REQUIREMENT: Shown below are entries with pictures; the line with "具体来看,今年2季度,年金基" through the line with "يدعوكم الحراك التهامي" is the span to retype exactly, and the pictures stay out.

MATERIALS PROVIDED:
• • •

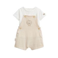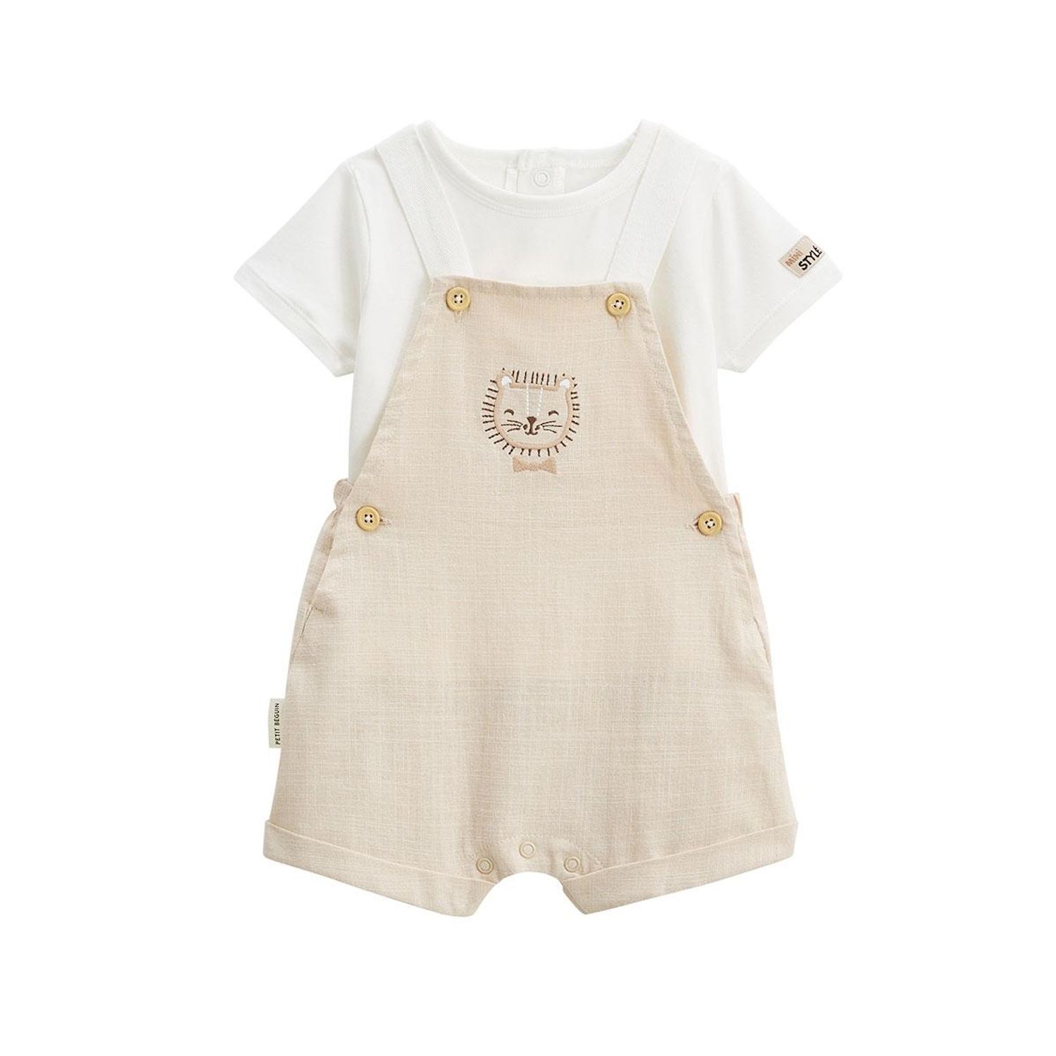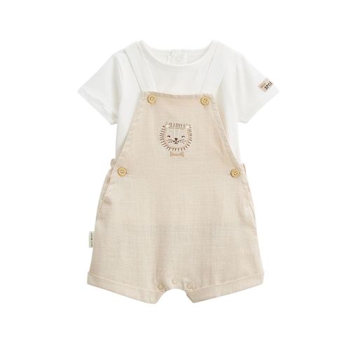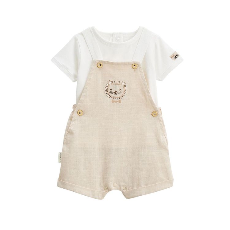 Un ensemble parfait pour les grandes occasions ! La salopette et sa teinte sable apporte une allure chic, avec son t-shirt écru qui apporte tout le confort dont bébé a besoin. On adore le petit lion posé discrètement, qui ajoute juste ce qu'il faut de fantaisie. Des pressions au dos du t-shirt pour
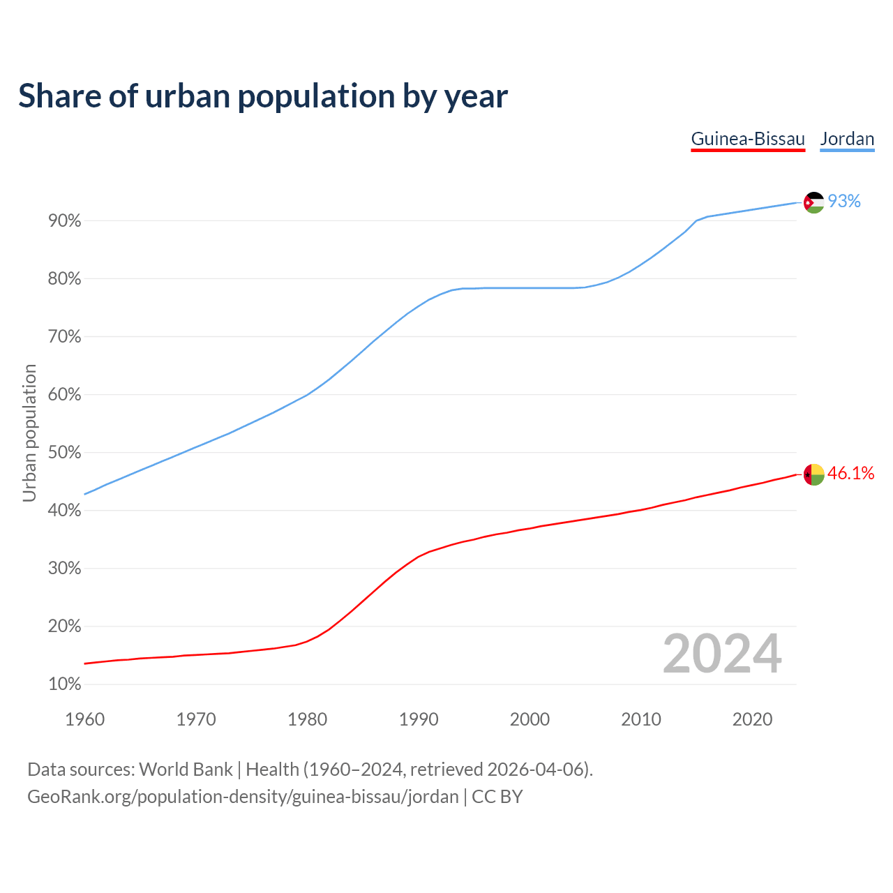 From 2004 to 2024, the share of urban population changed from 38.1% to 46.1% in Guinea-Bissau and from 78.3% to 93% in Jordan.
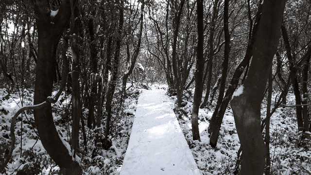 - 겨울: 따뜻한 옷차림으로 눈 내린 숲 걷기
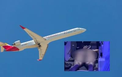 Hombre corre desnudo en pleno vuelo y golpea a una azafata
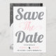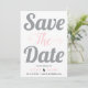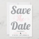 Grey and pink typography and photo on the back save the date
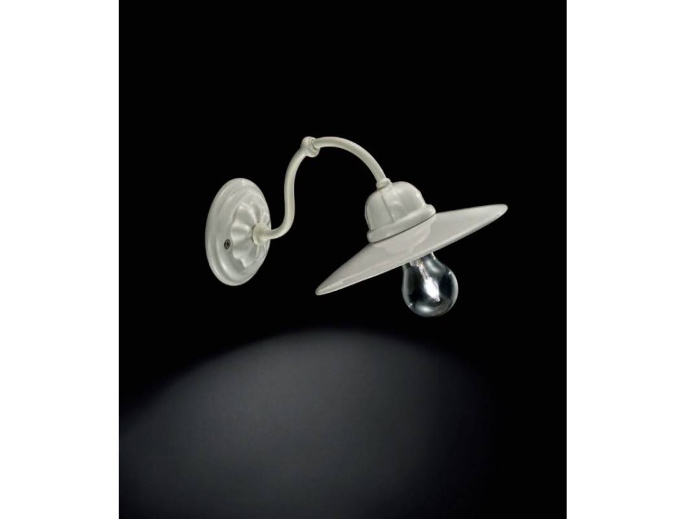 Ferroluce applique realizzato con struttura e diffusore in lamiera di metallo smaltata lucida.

• • •

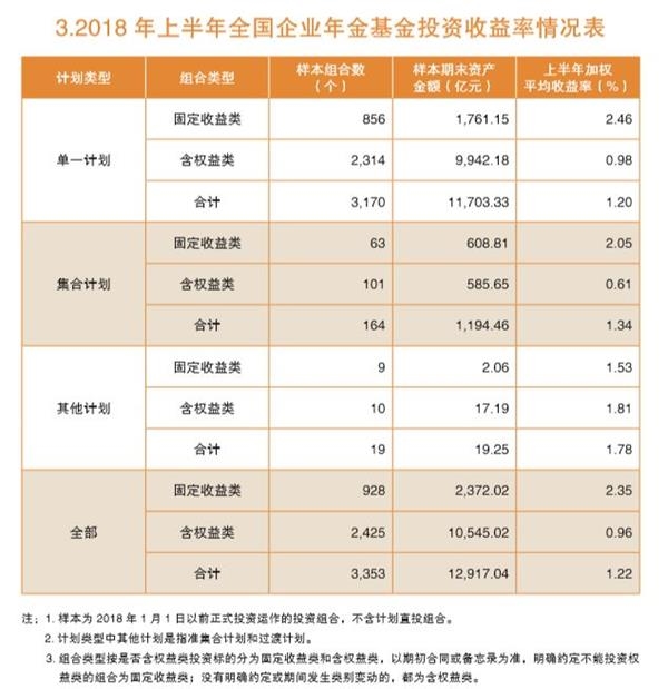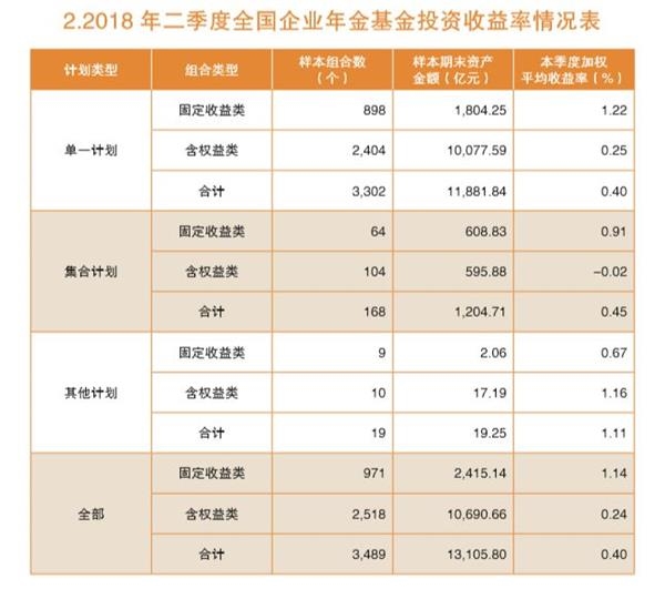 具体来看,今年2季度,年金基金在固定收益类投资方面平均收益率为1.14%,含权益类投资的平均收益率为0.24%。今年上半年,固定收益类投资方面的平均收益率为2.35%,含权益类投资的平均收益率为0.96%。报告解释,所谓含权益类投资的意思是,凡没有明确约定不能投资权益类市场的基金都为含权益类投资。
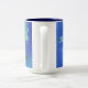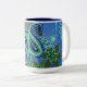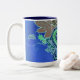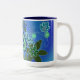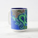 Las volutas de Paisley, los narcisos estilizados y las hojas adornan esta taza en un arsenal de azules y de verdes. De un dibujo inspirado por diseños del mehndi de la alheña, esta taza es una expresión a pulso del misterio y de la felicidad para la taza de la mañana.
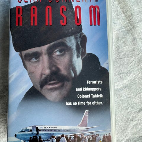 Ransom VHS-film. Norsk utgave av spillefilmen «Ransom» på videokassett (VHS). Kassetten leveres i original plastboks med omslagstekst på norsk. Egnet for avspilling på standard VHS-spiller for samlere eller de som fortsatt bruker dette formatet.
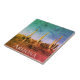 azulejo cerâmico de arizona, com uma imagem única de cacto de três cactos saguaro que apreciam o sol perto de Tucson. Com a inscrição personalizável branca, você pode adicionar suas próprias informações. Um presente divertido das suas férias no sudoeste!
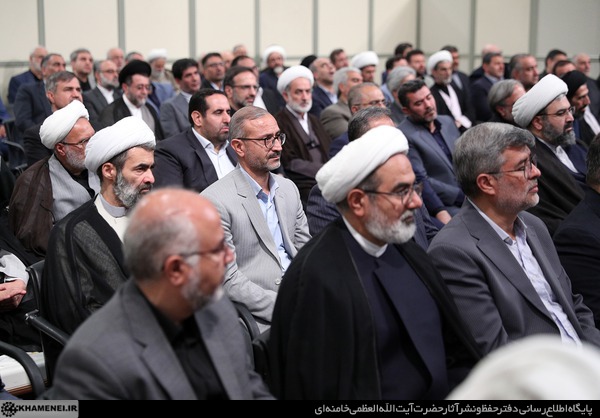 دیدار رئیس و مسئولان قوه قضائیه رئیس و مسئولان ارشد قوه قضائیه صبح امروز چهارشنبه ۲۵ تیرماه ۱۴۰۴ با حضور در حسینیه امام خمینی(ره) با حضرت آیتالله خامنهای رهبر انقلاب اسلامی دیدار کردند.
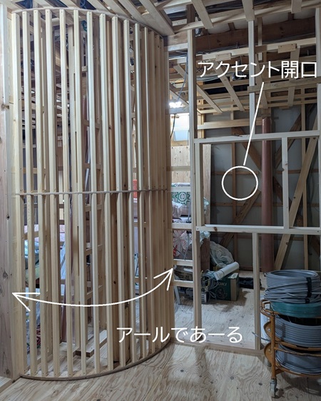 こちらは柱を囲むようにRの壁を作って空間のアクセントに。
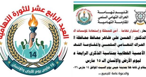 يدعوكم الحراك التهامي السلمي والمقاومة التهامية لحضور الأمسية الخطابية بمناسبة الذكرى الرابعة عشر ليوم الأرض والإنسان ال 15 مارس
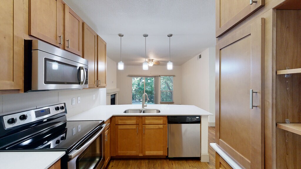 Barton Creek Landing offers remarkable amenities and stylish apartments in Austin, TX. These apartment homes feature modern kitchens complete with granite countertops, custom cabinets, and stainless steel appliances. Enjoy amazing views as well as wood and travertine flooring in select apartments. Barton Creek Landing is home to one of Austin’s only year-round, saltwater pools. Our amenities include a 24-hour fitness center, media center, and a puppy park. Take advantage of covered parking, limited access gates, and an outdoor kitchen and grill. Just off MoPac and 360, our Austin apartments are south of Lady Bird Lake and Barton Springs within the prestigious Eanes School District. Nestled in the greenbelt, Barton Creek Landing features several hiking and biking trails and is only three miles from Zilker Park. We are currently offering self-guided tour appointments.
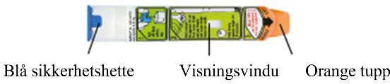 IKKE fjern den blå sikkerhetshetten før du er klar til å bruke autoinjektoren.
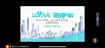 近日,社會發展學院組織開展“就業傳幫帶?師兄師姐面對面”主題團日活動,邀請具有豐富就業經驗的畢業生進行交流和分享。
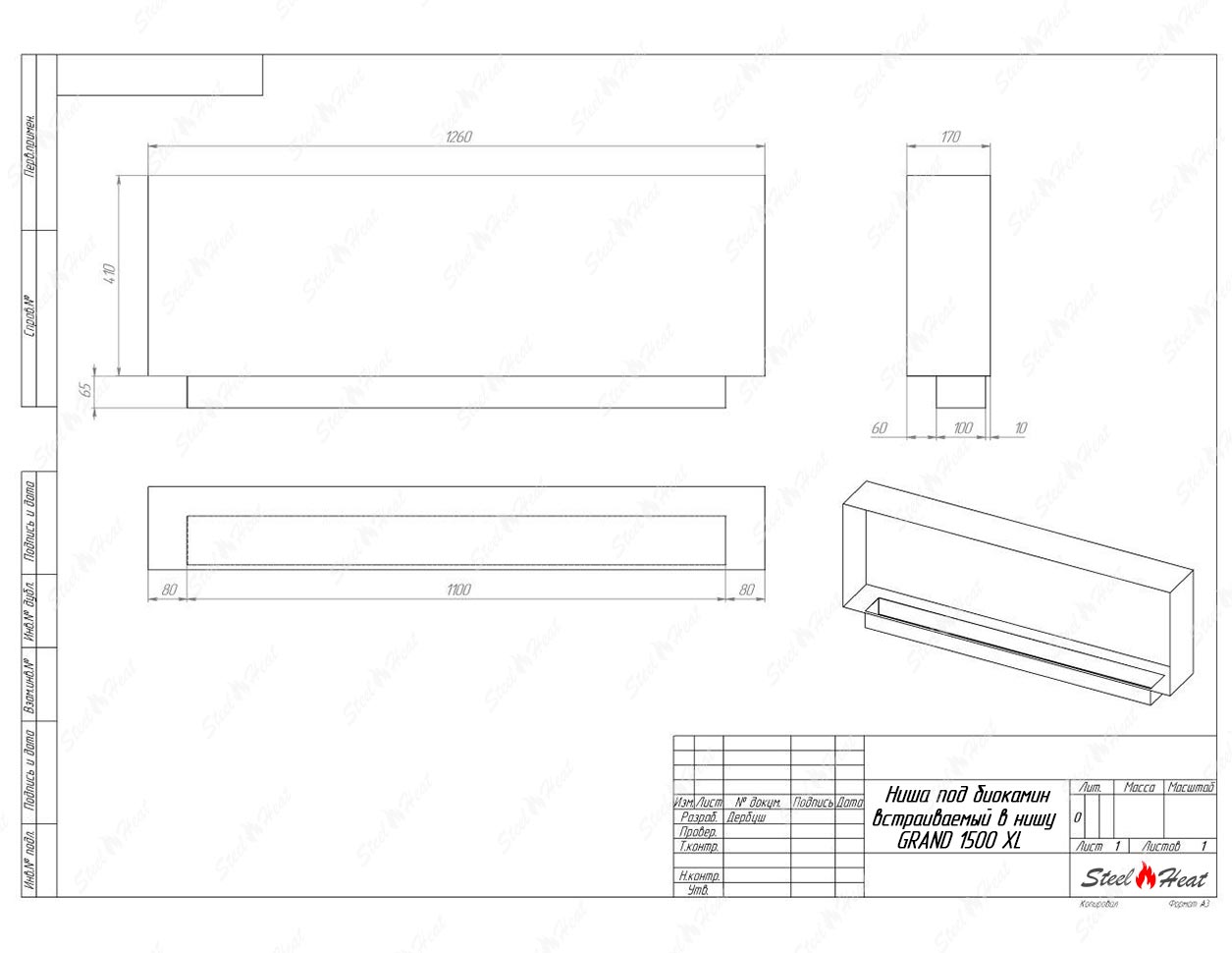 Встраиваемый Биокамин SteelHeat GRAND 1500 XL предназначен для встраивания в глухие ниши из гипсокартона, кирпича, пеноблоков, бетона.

• • •

THE ANSWER:
 具体来看,今年2季度,年金基金在固定收益类投资方面平均收益率为1.14%,含权益类投资的平均收益率为0.24%。今年上半年,固定收益类投资方面的平均收益率为2.35%,含权益类投资的平均收益率为0.96%。报告解释,所谓含权益类投资的意思是,凡没有明确约定不能投资权益类市场的基金都为含权益类投资。
 Las volutas de Paisley, los narcisos estilizados y las hojas adornan esta taza en un arsenal de azules y de verdes. De un dibujo inspirado por diseños del mehndi de la alheña, esta taza es una expresión a pulso del misterio y de la felicidad para la taza de la mañana.
 Ransom VHS-film. Norsk utgave av spillefilmen «Ransom» på videokassett (VHS). Kassetten leveres i original plastboks med omslagstekst på norsk. Egnet for avspilling på standard VHS-spiller for samlere eller de som fortsatt bruker dette formatet.
 azulejo cerâmico de arizona, com uma imagem única de cacto de três cactos saguaro que apreciam o sol perto de Tucson. Com a inscrição personalizável branca, você pode adicionar suas próprias informações. Um presente divertido das suas férias no sudoeste!
 دیدار رئیس و مسئولان قوه قضائیه رئیس و مسئولان ارشد قوه قضائیه صبح امروز چهارشنبه ۲۵ تیرماه ۱۴۰۴ با حضور در حسینیه امام خمینی(ره) با حضرت آیتالله خامنهای رهبر انقلاب اسلامی دیدار کردند.
 こちらは柱を囲むようにRの壁を作って空間のアクセントに。
 يدعوكم الحراك التهامي السلمي والمقاومة التهامية لحضور الأمسية الخطابية بمناسبة الذكرى الرابعة عشر ليوم الأرض والإنسان ال 15 مارس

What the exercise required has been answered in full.